We determined that the NMDIS Center and APD Laboratory were in compliance with the standards governing CODIS activities with some exceptions. Specifically, we noted the following.
We tested 10 cases where the CODIS software indicated an interstate candidate match between a known or unknown perpetrator and crime scene evidence. We found that, in one of the cases we tested, the NMDIS Center did not confirm the match within the time limits specified by the NDIS requirements. A series of delays in the confirmation process resulted in the match being confirmed in 6 months rather than 30 business days, as required. Laboratory management has since implemented mechanisms designed to expedite the match confirmation process, and has updated the NMDIS Center procedures manual to reflect use of these mechanisms.
We determined that, due to emergency egress requirements, the APD Laboratory area, including the CODIS server it contained, was accessible to non-DNA personnel, and as such did not comply with NDIS requirements for the physical security of the CODIS server. Prior to leaving the Laboratory, we confirmed that Laboratory management was able to relocate the server to a separate room within the APD Laboratory where access was restricted to DNA personnel and Laboratory management.
We tested 100 convicted offender profiles and 100 forensic profiles and found 1 forensic profile was incomplete because the APD Laboratory did not load all of the required loci into NDIS, and 1 forensic profile was inaccurate because the APD Laboratory did not load the correct specimen number into NDIS.4 Both the inaccurate and incomplete profiles were corrected prior to the completion of our audit.
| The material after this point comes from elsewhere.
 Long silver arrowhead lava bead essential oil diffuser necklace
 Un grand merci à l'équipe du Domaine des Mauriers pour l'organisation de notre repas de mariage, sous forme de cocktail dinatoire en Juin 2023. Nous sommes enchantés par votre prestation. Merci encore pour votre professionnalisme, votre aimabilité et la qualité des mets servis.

We determined that case files for 16 forensic profiles did not contain clear documentation that all appropriate administrative reviews had been performed. Laboratory management provided information indicating that administrative reviews were not yet required for these cases, based upon their status. Subsequent to our audit, Laboratory management provided documentation that they had supplemented the 16 case files with documentation of administrative reviews as appropriate to each case. Further, Laboratory management notified us that while completing corrective action for this finding, APD Laboratory staff identified a problem with a batch of contractor data from 2003. Laboratory officials provided us with a description of the complete course of corrective action they had begun to remedy this problem.
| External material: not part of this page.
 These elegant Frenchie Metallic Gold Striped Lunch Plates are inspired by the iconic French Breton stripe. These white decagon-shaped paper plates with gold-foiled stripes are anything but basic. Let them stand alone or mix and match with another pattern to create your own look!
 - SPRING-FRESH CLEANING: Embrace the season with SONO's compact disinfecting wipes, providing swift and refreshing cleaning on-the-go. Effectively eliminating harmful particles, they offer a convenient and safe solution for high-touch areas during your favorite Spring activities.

Each of the findings we identified, which are discussed in detail in the Findings section of the report, were sufficiently addressed by the NMDIS Center’s and APD Laboratory’s corrective action, and therefore we make no recommendations. Our audit scope and methodology are detailed in Appendix I of the report and the audit criteria are detailed in Appendix II of the report. We discussed the results of our audit with Laboratory officials and have included their comments in the report as applicable.
DNA, deoxyribonucleic acid, is genetic material found in almost all living cells that contains encoded information necessary for building and maintaining life. Approximately 99.9 percent of human DNA is the same for all people. The differences found in the remaining 0.1 percent allow scientists to develop a unique set of DNA identification characteristics (a DNA profile) for an individual by analyzing a specimen that contains DNA.
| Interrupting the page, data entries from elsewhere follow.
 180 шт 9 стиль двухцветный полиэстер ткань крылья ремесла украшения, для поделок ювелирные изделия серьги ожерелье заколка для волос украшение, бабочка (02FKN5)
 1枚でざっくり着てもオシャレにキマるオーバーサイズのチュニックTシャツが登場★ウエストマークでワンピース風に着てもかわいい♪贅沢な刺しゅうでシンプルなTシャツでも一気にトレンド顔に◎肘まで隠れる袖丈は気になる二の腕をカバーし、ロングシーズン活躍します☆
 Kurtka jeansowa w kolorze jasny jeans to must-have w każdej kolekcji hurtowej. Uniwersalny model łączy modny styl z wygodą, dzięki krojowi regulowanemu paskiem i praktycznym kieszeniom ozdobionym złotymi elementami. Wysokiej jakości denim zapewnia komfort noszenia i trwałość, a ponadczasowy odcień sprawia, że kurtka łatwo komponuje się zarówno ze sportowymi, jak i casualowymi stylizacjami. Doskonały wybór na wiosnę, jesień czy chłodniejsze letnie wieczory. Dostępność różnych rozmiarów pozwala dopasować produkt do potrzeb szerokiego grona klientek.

Pub. L. No. 103-322 (1994).
These standards were appended to the MOU as Appendix C - NDIS Procedure Manual. This manual is comprised of several operational procedures that provide specific instructions for laboratories to follow for procedures pertinent to NDIS. For our purposes, the NDIS participation requirements consist of the MOU and the NDIS operational procedures.
A locus is a specific location on a chromosome. The plural form of locus is loci.